Family jokes
You know, you should adopt a pet. So then you can feel the pain that your parents felt when they adopted you... wait... also the regret after.
Is their [there] a doctor anywhere?
My mom has a few problems & those problems is [are] that my mom has big tits, fat ass & sweet pussy that needs attention. Help anyone.
Son: Dad, where are you?
Dad: Getting another one.
Son: Getting what?
Dad: Dad.
Why can't orphans play baseball?
They don't know where home is.
Lil bro's hairline is making me hungry wit that M shape also hitten me wit that damb batab bat bat baaa.
Memes
Off brand Hollow Knight
Marriage is really educational.
When I was single, I didn't even know there was a wrong way to put a fork in the dishwasher.
A failed marriage is like an Avengers movie.
First someone snaps, then half your stuff is gone.
Son asks dad, "How much does marriage cost?"
Dad: "I don’t know, son. I’m still paying for it."
What made Adam and Eve's marriage perfect?
He didn't have to hear about all the men she could have married, and she didn't have to hear about his Mom's cooking.
I hope I die peacefully in my sleep like my mother.
Not screaming like her passengers.
My cousin just broke up with his girlfriend, and I told him, "Since your dad owns a moving company, you can already take half of her stuff."
What’s one thing you can say during a family dinner and in bed?
"Where are the kids?"
My friend was showing me his tool shed and pointed to a ladder. "That's my stepladder," he said. "I never knew my real ladder."
My doctor asked my brother if anyone in the family suffers from mental illness.
He replied: "No, we all seem to rather enjoy it!"

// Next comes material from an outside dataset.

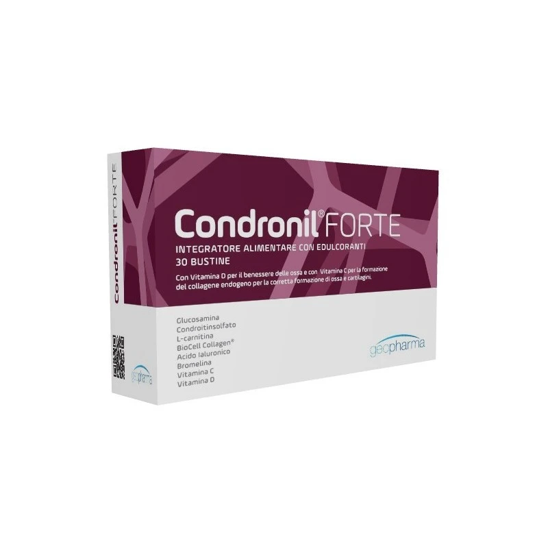 Condronil Forte è un integratore alimentare a base di Glucosamina solfato, L-Carnitina, BioCell Collagen, Acido Ialuronico, Vitamina C, Bromelina e Vitamina D.

My cousin just broke up with her boyfriend, and I told her, "Since your dad owns a moving company, you can already take half of his stuff."
What do you get when you cross a corrupt lawyer with a crooked politician?
Chelsea Clinton.
What's the difference between MH370 and my dad?
Both disappeared, but one killed 239 people.
What’s the difference between video games and my dad?
My dad doesn’t beat me.
My grandma always looks at me when we go to a wedding and says, "You’re next!"
When we attend a funeral, I say, "You’re next!"
Father talks to his 5-year-old son: “No, Petie, you don’t have to worry. There is no monster sleeping under your bed. It sleeps every day in the bed next to me.”